Она стала вполголоса выговаривать мужу, видимо, сетуя на его стеснительность и инертность, тот отвечал ей односложно. Незаметно их диалог перерос в перепалку, в которой солировала женщина, но и муж её тоже не оставался в долгу. Через минуту они уже почти кричали.

Я слушал их, открыв рот от удивления – не владея тувинским языком, я как будто понимал всё до последнего словечка. Она упрекала его за вялость и безынициативность, за то, что он на неё почти не обращает внимания. Он, возражая ей, говорил, что любит её и ребёнка и потому работает как лошадь и достойно обеспечивает их, помогая также и их пожилым родителям. Каждый из них был прав по-своему, не слыша правды другого.
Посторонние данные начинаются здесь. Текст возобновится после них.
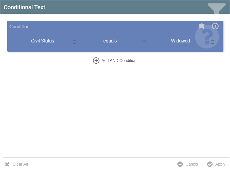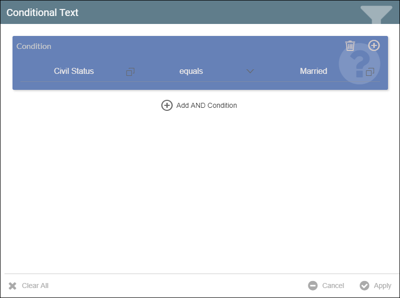 - As shown above, highlight your chosen text and then click Conditional Text.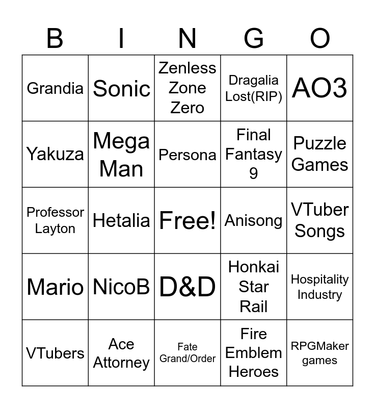 This bingo card has a free space and 24 words: NicoB, Ace Attorney, Persona, VTubers, AO3, Grandia, Yakuza, Sonic, Anisong, D&D, Final Fantasy 9, Professor Layton, Honkai Star Rail, Hospitality Industry, Mega Man, Fire Emblem Heroes, VTuber Songs, Zenless Zone Zero, Puzzle Games, Hetalia, RPGMaker games, Mario, Dragalia Lost(RIP) and Fate Grand/Order.

Невероятно живые картины пронеслись передо мной – я словно перенёсся в своё раннее детство, когда мои собственные родители «общались» подобным образом. Тело моё задрожало от прилива знакомых эмоций, захотелось сжаться и спрятаться где-нибудь подальше, только чтобы не испытывать эти щемящие чувства. Маленький мальчик на кушетке заревел басом во весь голос и закашлялся, но его родители, даже не заметив этого, продолжали перебранку.

Хватит уже!

Чимеккей произнёс эти слова негромко, но сила его голоса была поразительной, он словно «заполнил» всё пространство юрты. Мгновенно наступила тишина, даже маленький мальчик как будто услышал приказ, выраженный непререкаемым тоном, и замолчал.

– Ваш ребёночек здоров, нет у него никакой болезни, правильно вам врачи сказали. Это вы больны. Вас обоих лечить нужно.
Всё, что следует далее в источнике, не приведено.